*ABOUT THIS EXERCISE*
Every line from the one holding "تناول الرئيس التركي" through the one holding "VTG Woven Black" in the data below must be returned exactly, both ends included, with pictures left out and nothing else added.

*DATA FOR THIS TASK*
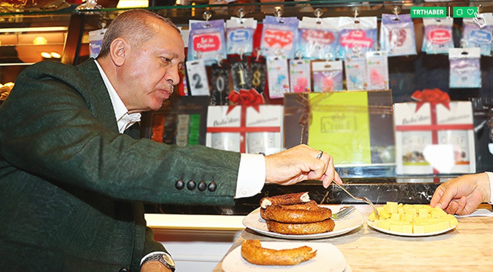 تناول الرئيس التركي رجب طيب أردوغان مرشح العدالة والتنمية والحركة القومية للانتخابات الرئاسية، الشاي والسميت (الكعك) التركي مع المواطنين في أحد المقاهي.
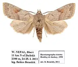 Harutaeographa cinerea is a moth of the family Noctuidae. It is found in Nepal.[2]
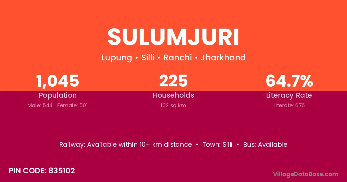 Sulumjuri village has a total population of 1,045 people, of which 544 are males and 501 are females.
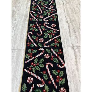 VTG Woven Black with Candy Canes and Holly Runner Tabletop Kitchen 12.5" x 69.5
==
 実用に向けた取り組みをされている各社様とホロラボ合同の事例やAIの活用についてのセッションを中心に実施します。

*RESULT*
 تناول الرئيس التركي رجب طيب أردوغان مرشح العدالة والتنمية والحركة القومية للانتخابات الرئاسية، الشاي والسميت (الكعك) التركي مع المواطنين في أحد المقاهي.
 Harutaeographa cinerea is a moth of the family Noctuidae. It is found in Nepal.[2]
 Sulumjuri village has a total population of 1,045 people, of which 544 are males and 501 are females.
 VTG Woven Black with Candy Canes and Holly Runner Tabletop Kitchen 12.5" x 69.5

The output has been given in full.